While Kokkos::View<> can wrap data objects that have been previously allocated on host or device, in order to fully explore the Kokkos API and maximize portability, we rewrote all data allocations to use Kokkos::Views natively. We did, however, simplify the porting process by first wrapping pre-existing structures before fully converting them to native Views. FastCaloSim uses a number of different data structures that need to be transferred to the device, from simple structures to more complicated arrays of classes and jagged multi-dimensional arrays. While the former are easy to convert to Kokkos::View, the latter are not well supported by Kokkos, which strongly recommends against using Views of Views. We chose to convert these jagged arrays to either regular 2-dimensional arrays by padding them, or flattened them into 1-dimensional arrays. This required a significant amount of extra boilerplate code as compared with the CUDA implementation.

The Kokkos runtime needs to be explicitly initialized and finalized. This requires inserting appropriate code into the main() routine, and since this routine is shared between portability technologies, it is necessary to protect it with macros so that it only gets used during Kokkos builds. Kokkos uses lambda syntax to define its kernels, but while the syntax is different than the triple chevrons used by CUDA, the functionality is largely the same, and the conversion between the two is trivial. Kokkos::atomic_fetch_add was used to increment the atomic counters.

Kokkos code could be somewhat challenging to debug and profile, as at runtime, the kernel names are heavily templated and very long. Profilers such as nsys will often truncate these long names, rendering the kernels indistinguishable.

4.2 SYCL

Intel provides a CUDA → SYCL translation program, originally called the DPC++ Compatibility Tool, now an open source project called SYCLomatic, which we tried using to generate the first pass of the SYCL port of FastCaloSim. While this proved instructive in generating
useful boilerplates for kernel dispatching, queue generation, and data buffer creation, it did not in fact generate runnable code. So, unlike the other ports, instead of trying to merely translate the CUDA code to the SYCL syntax, we instead re-wrote the code following SYCL best coding practices.

We kept the structure of jagged arrays, and used a mixture of explicit data transfers and Unified Shared Memory for automatic data migration. The explicit transfers were used for the more static data, such as the detector geometry and parametrization tables, while the USM was used for the event varying data that the kernels would work on.

At the time of code development, there was no uniform interface from SYCL to GPU based random number generators. We developed separate implementations for Intel, AMD and NVIDIA devices, and then ultimately made an addition to the Intel OneMKL random number generator that offers both buffer and USM based data access and uses cuRAND and rocRAND for native hardware support on NVIDIA and AMD GPUs.
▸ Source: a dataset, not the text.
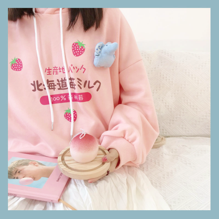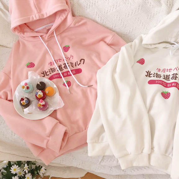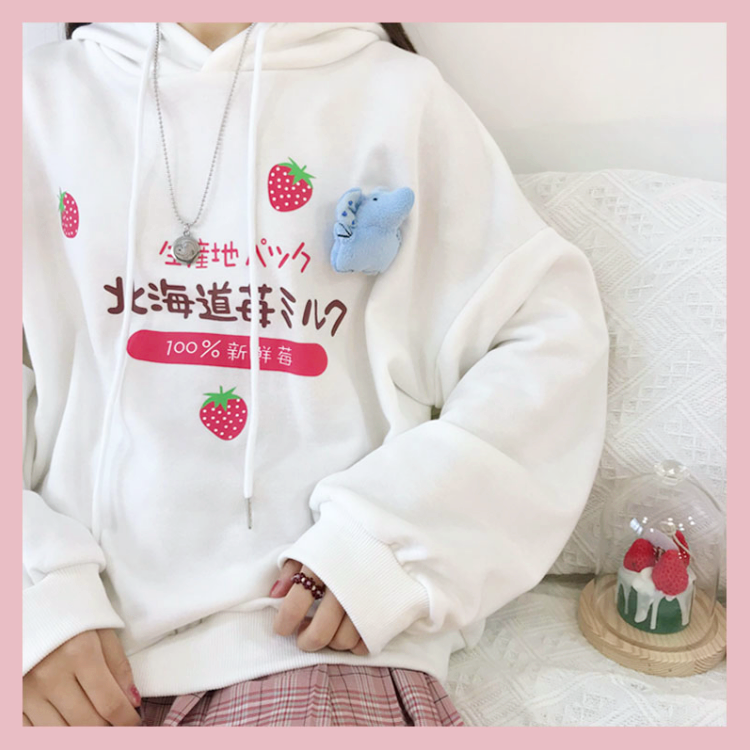 Fashion & Harajuku fresh strawberry white/pink hoodie sweatshirt.

Intel offers very powerful tools for profiling and debugging SYCL on Intel hardware. We were very fortunate to have access to development prototypes for the Aurora supercomputer during our studies which enabled us to run these profiling tools. These tools are now available to run on commodity Intel GPUs.

The SYCL standard and language implementations were seeing tremendous development while we were working on FastCaloSim. This was both a blessing, as many bugs that we discovered were resolved, and new features, such as support for atomics were added, as well as being a curse, since features or syntax that worked in one release would not function in another, and careful selection of specific builds of the compilers, of which they were many, were required. We experimented with a number of different compilers, including Intel’s oneAPI/dpc++ (for Intel GPUs), hipSYCL/openSYCL (for AMD GPUs), Codeplay (for NVIDIA GPUs), and llvm (for Intel, NVIDIA and AMD GPUs). Some of these no longer exist, or have been subsumed by others. SYCL compilers have since stabilized, resulting in a much smoother developer experience.

4.3 OpenMP

The FastCaloSim port of OpenMP’s target offload was relatively easy to implement. OpenMP allows simultaneous device and host parallelization and is interoperable with other programming models. This makes an incremental porting of a serial C++ code or an existing CUDA code easy. The major modifications when porting from an existing CUDA implementation were inserting appropriate memory allocation APIs and replacing CUDA kernel calls with compiler directives. The data structures containing the geometry and random numbers were allocated on the GPU using `omp_target_alloc` which requires the clause `is_device_ptr` to indicate to the compiler that a pointer has been allocated memory on the target device. The arrays were moved between host and device using `omp_target_memcpy` whenever needed.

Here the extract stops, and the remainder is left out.